**AVAILABLE DATA**:
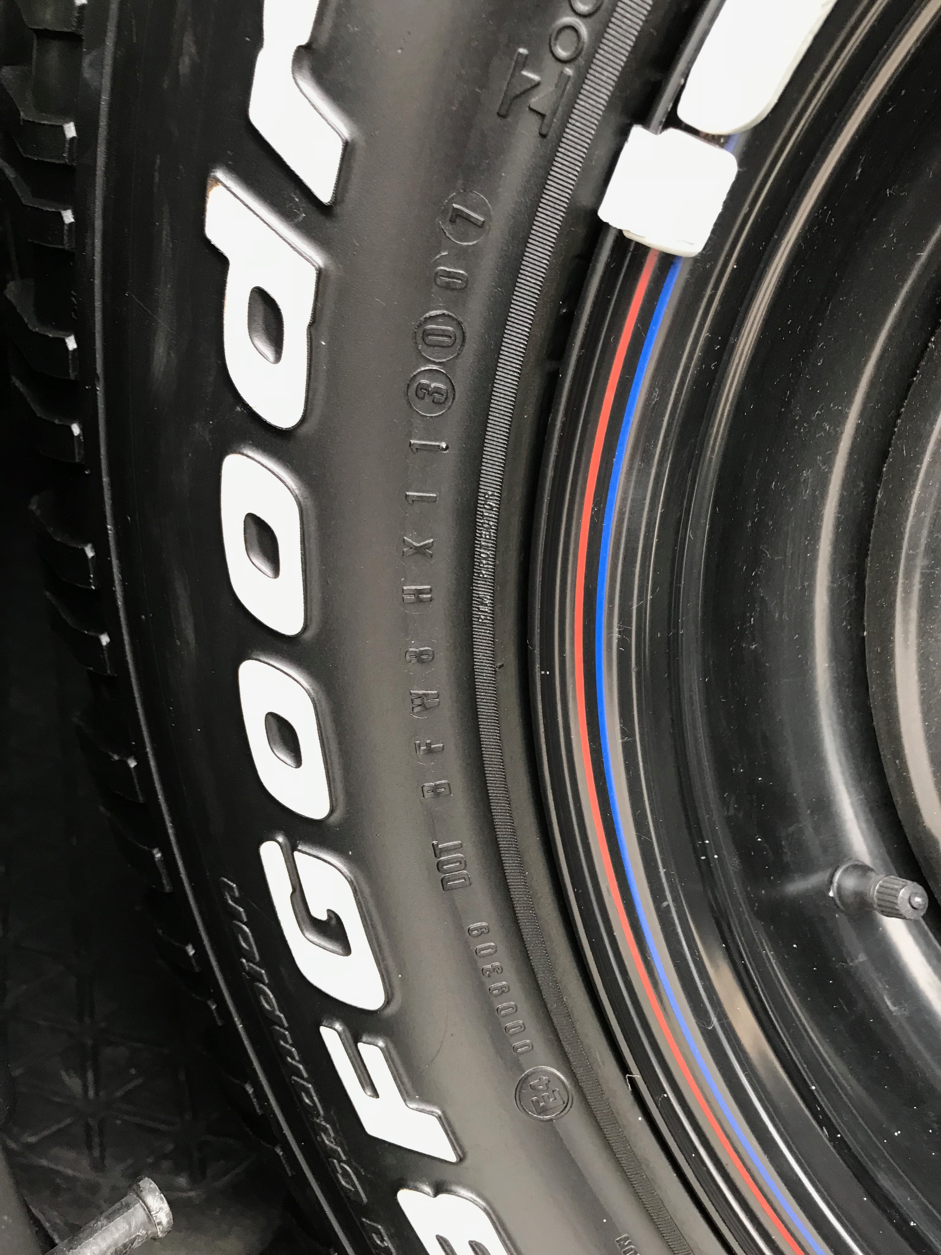 Ahoj Predám pneu BF AT 265 75 R16 samotné, alebo na diskoch 5x 165,1 R16 ET -25....resp vymením za MT 255 85 R16 alebo niečo v rozmere 35 10,5 R16....maju priemerne okoo 8 mm.
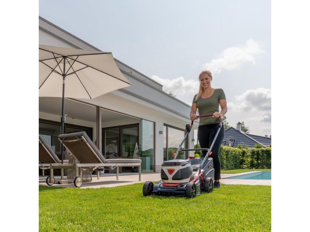 36V lithium-iontová baterie zajišťuje efektivní práci na trávnících o rozloze 400 - 800 m². Díky Li-Ion článkům je tato baterie mimořádně odolná a nedochází k samovybíjení. Díky integrovanému LED displeji snadno uvidíte, kdy je potřeba baterii nabít. Baterie se nabije za 90 minut
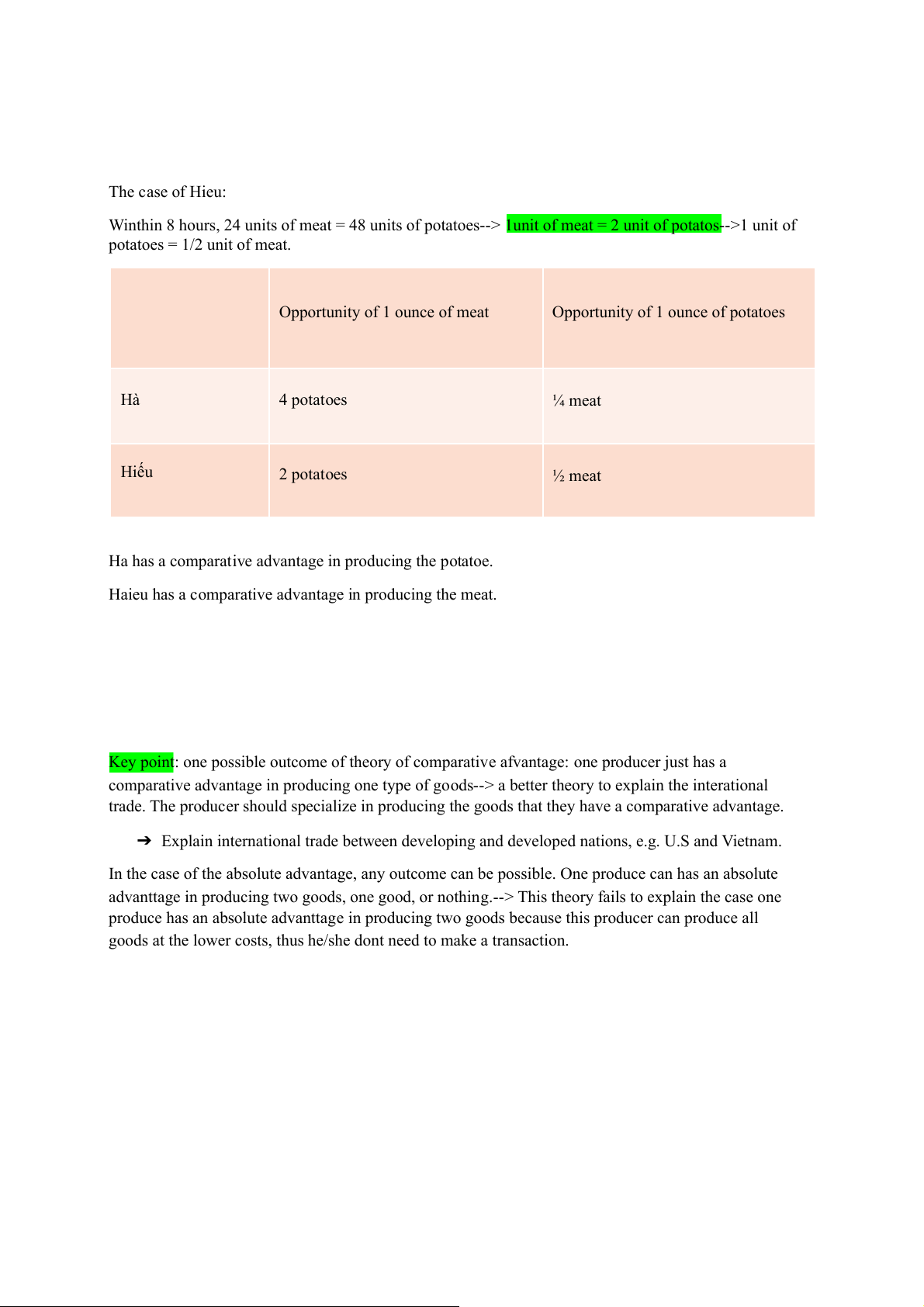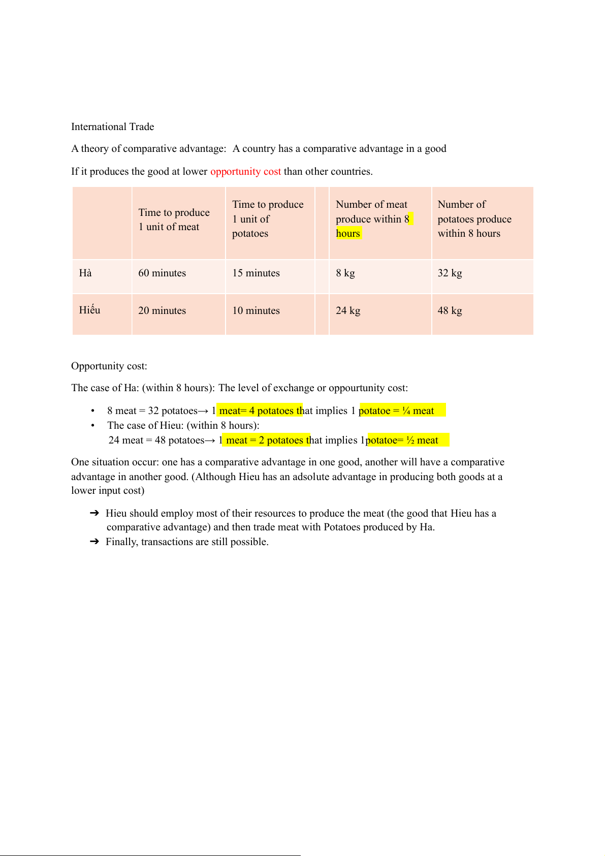 If it produces the good at lower opportunity cost than other countries. Time to produce Number of meat Number of Time to produce 1 unit of produce within 8 potatoes produce 1 unit of meat potatoes hours within 8 hours Hà 60 minutes 15 minutes 8 kg 32 kg Hiếu 20 minutes 10 minutes 24 kg 48 kg Opportunity cost:
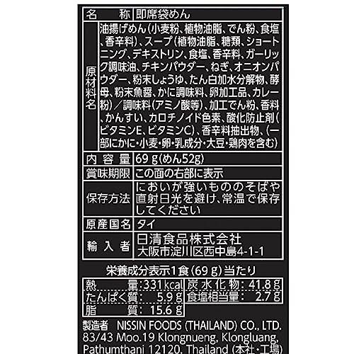 油揚げめん(小麦粉、植物油脂、でん粉、食塩、香辛料)、スープ(植物油脂、糖類、ショートニング、デキストリン、食塩、香辛料、ガーリック調味油、チキンパウダー、ねぎ、オニオンパウダー、粉末しょうゆ、たん白加水分解物、酵母、粉末魚醤、かに調味料、卵加工品、カレー粉)/調味料(アミノ酸等)、加工でん粉、香料、かんすい、カロチノイド色素、酸化防止剤(ビタミンE、ビタミンC)、香辛料抽出物、(一部にかに・小麦・卵・乳成分・大豆・鶏肉を含む)

**ASSIGNMENT**:
Only one thing is required here: an exact copy of the lines from the one bearing "If it produces" through the final line above, both included, with pictures left out.

**SOLUTION**:
 If it produces the good at lower opportunity cost than other countries. Time to produce Number of meat Number of Time to produce 1 unit of produce within 8 potatoes produce 1 unit of meat potatoes hours within 8 hours Hà 60 minutes 15 minutes 8 kg 32 kg Hiếu 20 minutes 10 minutes 24 kg 48 kg Opportunity cost:
 油揚げめん(小麦粉、植物油脂、でん粉、食塩、香辛料)、スープ(植物油脂、糖類、ショートニング、デキストリン、食塩、香辛料、ガーリック調味油、チキンパウダー、ねぎ、オニオンパウダー、粉末しょうゆ、たん白加水分解物、酵母、粉末魚醤、かに調味料、卵加工品、カレー粉)/調味料(アミノ酸等)、加工でん粉、香料、かんすい、カロチノイド色素、酸化防止剤(ビタミンE、ビタミンC)、香辛料抽出物、(一部にかに・小麦・卵・乳成分・大豆・鶏肉を含む)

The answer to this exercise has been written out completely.